- **Exercise**
Please return only the lines from the one holding "항아리처럼 큰 기물은" through the one holding "最後に自分が使ったライフジャケットを洗って、いかだ体験は全て終了しました。", exactly as they appear in the records below, both ends included.
(Data to examine begins)
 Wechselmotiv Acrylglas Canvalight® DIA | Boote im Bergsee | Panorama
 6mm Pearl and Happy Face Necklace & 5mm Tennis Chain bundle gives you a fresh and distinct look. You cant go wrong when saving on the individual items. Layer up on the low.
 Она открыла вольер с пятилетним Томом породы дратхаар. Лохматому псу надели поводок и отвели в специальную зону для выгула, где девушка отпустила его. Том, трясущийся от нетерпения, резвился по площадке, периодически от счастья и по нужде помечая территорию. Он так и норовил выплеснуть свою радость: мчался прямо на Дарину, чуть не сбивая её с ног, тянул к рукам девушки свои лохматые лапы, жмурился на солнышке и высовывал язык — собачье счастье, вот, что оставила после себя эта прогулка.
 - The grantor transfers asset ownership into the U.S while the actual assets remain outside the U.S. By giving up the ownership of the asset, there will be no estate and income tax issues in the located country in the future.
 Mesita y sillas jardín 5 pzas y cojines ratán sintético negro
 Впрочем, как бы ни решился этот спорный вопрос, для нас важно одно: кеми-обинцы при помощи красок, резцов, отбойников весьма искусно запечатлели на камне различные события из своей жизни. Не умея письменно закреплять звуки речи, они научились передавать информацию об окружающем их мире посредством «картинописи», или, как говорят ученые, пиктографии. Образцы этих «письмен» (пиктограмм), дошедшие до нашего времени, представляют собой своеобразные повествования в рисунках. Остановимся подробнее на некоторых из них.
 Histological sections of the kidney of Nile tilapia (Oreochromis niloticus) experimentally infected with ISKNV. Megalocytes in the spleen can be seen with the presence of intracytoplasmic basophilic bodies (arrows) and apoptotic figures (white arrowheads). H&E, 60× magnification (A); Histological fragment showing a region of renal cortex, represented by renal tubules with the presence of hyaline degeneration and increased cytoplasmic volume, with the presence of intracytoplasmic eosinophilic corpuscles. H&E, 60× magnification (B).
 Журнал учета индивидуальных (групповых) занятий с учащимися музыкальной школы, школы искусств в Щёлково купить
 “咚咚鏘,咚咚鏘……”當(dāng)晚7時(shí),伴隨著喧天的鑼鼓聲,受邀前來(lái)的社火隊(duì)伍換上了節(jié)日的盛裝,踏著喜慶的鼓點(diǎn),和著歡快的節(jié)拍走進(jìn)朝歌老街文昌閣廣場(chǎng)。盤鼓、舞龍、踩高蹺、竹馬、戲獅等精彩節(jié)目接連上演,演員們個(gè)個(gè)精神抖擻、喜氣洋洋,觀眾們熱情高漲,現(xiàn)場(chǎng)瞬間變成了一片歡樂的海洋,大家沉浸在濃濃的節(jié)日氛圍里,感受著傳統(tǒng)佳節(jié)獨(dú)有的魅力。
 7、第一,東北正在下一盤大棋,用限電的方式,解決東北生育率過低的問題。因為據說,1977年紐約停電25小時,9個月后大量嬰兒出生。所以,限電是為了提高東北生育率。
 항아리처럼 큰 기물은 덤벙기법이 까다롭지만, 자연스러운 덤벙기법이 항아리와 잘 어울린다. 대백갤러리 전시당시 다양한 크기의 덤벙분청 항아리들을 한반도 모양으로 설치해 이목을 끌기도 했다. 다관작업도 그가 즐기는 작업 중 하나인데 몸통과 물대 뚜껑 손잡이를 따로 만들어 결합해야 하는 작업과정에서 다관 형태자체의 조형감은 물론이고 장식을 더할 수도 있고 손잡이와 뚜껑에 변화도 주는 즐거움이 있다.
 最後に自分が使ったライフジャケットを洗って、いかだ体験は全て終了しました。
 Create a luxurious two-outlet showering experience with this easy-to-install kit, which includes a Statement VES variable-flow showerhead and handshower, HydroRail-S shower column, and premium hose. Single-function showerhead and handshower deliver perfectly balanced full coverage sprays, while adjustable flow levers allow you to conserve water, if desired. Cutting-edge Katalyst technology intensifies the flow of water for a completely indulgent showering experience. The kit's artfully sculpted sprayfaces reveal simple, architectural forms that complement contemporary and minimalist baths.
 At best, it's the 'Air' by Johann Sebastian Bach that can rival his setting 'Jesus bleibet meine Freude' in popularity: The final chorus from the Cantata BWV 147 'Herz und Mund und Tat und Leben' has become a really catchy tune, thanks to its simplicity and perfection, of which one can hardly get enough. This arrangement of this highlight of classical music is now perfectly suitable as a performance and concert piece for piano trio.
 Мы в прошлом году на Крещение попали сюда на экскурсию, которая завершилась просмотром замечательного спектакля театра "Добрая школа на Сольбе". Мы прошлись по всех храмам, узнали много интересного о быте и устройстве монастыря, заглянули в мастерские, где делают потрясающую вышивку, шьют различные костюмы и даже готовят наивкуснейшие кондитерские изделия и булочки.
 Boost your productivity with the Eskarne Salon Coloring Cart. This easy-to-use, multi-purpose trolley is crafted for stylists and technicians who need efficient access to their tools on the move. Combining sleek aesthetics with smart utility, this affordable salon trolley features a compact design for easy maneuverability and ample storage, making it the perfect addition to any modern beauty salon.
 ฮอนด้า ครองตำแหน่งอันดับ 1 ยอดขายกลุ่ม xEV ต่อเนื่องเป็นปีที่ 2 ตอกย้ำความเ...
(Data to examine ends)
- **Expected output**
 항아리처럼 큰 기물은 덤벙기법이 까다롭지만, 자연스러운 덤벙기법이 항아리와 잘 어울린다. 대백갤러리 전시당시 다양한 크기의 덤벙분청 항아리들을 한반도 모양으로 설치해 이목을 끌기도 했다. 다관작업도 그가 즐기는 작업 중 하나인데 몸통과 물대 뚜껑 손잡이를 따로 만들어 결합해야 하는 작업과정에서 다관 형태자체의 조형감은 물론이고 장식을 더할 수도 있고 손잡이와 뚜껑에 변화도 주는 즐거움이 있다.
 最後に自分が使ったライフジャケットを洗って、いかだ体験は全て終了しました。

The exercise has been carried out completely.